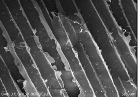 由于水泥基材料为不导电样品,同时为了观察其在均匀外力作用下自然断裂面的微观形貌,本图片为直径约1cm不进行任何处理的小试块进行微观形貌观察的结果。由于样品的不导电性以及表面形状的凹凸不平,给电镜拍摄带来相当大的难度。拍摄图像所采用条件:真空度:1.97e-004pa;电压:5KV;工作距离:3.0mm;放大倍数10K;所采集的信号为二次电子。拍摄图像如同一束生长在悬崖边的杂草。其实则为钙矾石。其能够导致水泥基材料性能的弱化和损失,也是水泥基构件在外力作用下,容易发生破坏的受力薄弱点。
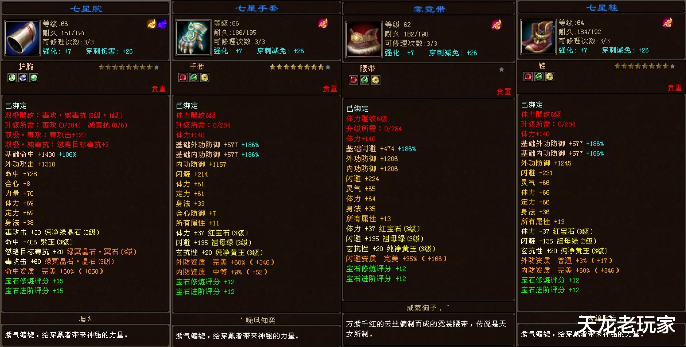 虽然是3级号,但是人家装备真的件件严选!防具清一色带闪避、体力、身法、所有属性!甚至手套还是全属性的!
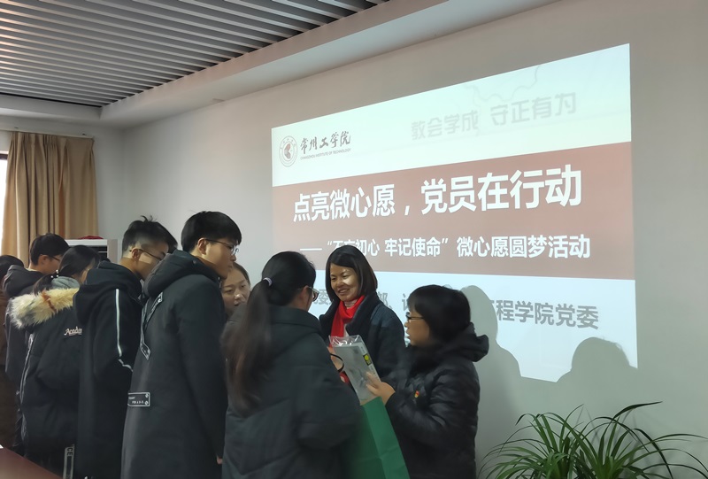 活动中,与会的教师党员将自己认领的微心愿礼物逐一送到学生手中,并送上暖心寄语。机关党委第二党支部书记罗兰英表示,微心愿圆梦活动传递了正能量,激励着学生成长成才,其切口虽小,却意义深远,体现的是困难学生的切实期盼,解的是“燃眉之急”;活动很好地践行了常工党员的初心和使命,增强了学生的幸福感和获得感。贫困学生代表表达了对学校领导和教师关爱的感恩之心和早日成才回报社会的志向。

---+---

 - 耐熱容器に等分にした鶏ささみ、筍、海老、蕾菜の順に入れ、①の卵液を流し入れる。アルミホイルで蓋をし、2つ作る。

---+---

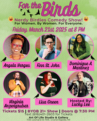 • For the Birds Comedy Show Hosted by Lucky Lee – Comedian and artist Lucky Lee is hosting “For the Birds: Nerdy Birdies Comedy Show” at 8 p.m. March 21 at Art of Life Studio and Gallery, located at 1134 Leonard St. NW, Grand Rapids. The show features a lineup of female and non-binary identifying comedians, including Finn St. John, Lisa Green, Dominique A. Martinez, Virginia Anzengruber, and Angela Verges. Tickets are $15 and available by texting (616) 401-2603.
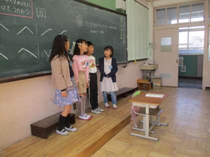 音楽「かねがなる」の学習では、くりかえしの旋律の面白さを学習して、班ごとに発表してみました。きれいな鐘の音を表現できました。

---+---

Only the lines above from the one containing "由于水泥基材料为不导电样品,同时为了观察" through the one containing "活动中,与会的教师党员将自己" should be returned, verbatim and inclusive, with pictures excluded.

__Answer box__:
 由于水泥基材料为不导电样品,同时为了观察其在均匀外力作用下自然断裂面的微观形貌,本图片为直径约1cm不进行任何处理的小试块进行微观形貌观察的结果。由于样品的不导电性以及表面形状的凹凸不平,给电镜拍摄带来相当大的难度。拍摄图像所采用条件:真空度:1.97e-004pa;电压:5KV;工作距离:3.0mm;放大倍数10K;所采集的信号为二次电子。拍摄图像如同一束生长在悬崖边的杂草。其实则为钙矾石。其能够导致水泥基材料性能的弱化和损失,也是水泥基构件在外力作用下,容易发生破坏的受力薄弱点。
 虽然是3级号,但是人家装备真的件件严选!防具清一色带闪避、体力、身法、所有属性!甚至手套还是全属性的!
 活动中,与会的教师党员将自己认领的微心愿礼物逐一送到学生手中,并送上暖心寄语。机关党委第二党支部书记罗兰英表示,微心愿圆梦活动传递了正能量,激励着学生成长成才,其切口虽小,却意义深远,体现的是困难学生的切实期盼,解的是“燃眉之急”;活动很好地践行了常工党员的初心和使命,增强了学生的幸福感和获得感。贫困学生代表表达了对学校领导和教师关爱的感恩之心和早日成才回报社会的志向。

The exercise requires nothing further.